Activity & Cardiovascular Safety
Maintaining a moderate exercise routine can reduce delivery complications. However, your blood volume increases by 50% during pregnancy. It is essential to keep your effort within a safe Target Heart Rate to ensure oxygen flow to the placenta.
"Pro Tip: If you feel short of breath, slow your Walking Pace. Listen to your body as it prioritizes the baby's growth."
Understanding the Three Trimesters
1st Trimester (Wk 1-12)
The foundation of life. Hormones are peaking. It’s the best time to stabilize your maintenance calories and start prenatal vitamins.
2nd Trimester (Wk 13-26)
The "Golden Period." Energy returns. Use this time to track your weight milestones as the baby grows from the size of a lemon to a cauliflower.
3rd Trimester (Wk 27-40)
Preparation for birth. Focus on rest and pelvic health. Monitor your Due Date closely for any signs of labor.

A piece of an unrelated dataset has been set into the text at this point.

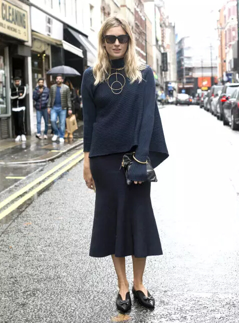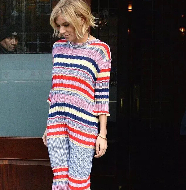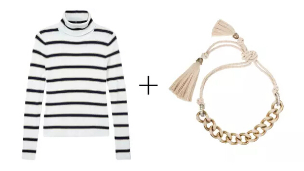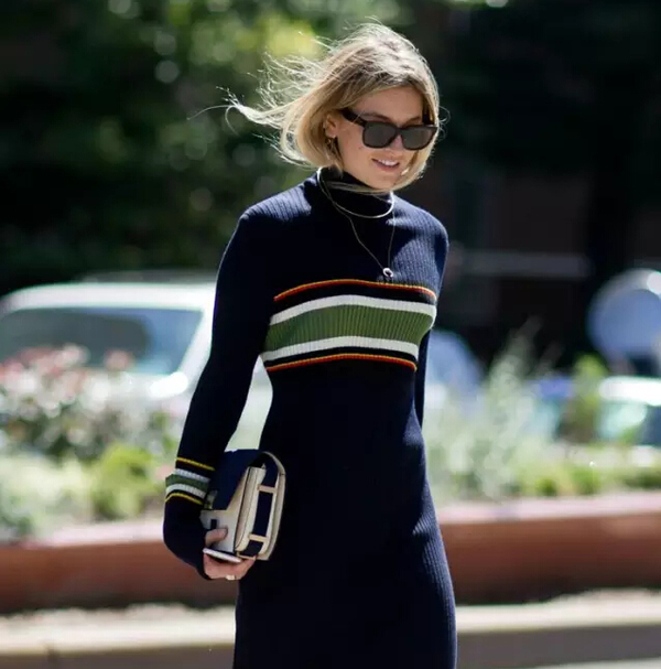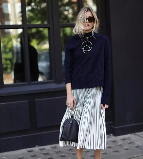 This seemingly seemingly "superfluous" combination is actually quite test with skill, striped knit itself is dazzling, the choice of the necklace should try to pick simple or strong sense of presence, otherwise it is really superfluous.

The Myth of "Eating for Two"
Modern nutrition science suggests that you only need about 300-500 extra calories per day in the later stages of pregnancy. Over-eating can lead to high Body Fat Percentage gain that is difficult to lose post-partum. Instead, focus on nutrient density. Strength is also important; while you shouldn't test your One-Rep Max now, maintaining lean muscle will help your body recover faster after delivery.
Planning your post-partum journey? Keep an eye on your timeline to prepare for the nutritional needs of breastfeeding.
Pregnancy Tracking FAQ
How accurate is the 40-week calculation?
It is a clinical estimate. Most first-time mothers deliver between 38 and 42 weeks. Our Due Date Tool helps you narrow down this window.
Can I diet during pregnancy?
Calorie restriction is generally not recommended. However, tracking your Calories ensures you are getting *enough* nutrients without excessive gain.
What if my conception date is different?
If you know when you ovulated, use our Conception Guide. Doctors usually prioritize ultrasound dates over period dates after the first scan.
How does pregnancy affect my metabolism?
Pregnancy is metabolically expensive. Your BMR stays elevated even after birth if you are breastfeeding, requiring extra protein and hydration.
Preparing for the Post-Partum Shift
Post-Birth Fitness: Once cleared by your doctor, slowly return to activity. Use the Pace Calculator for light walking to rebuild your aerobic base.
Regaining Composition: Don't just watch the weight. Use the Fat Percentage Tool to track healthy changes as you rebuild muscle post-baby.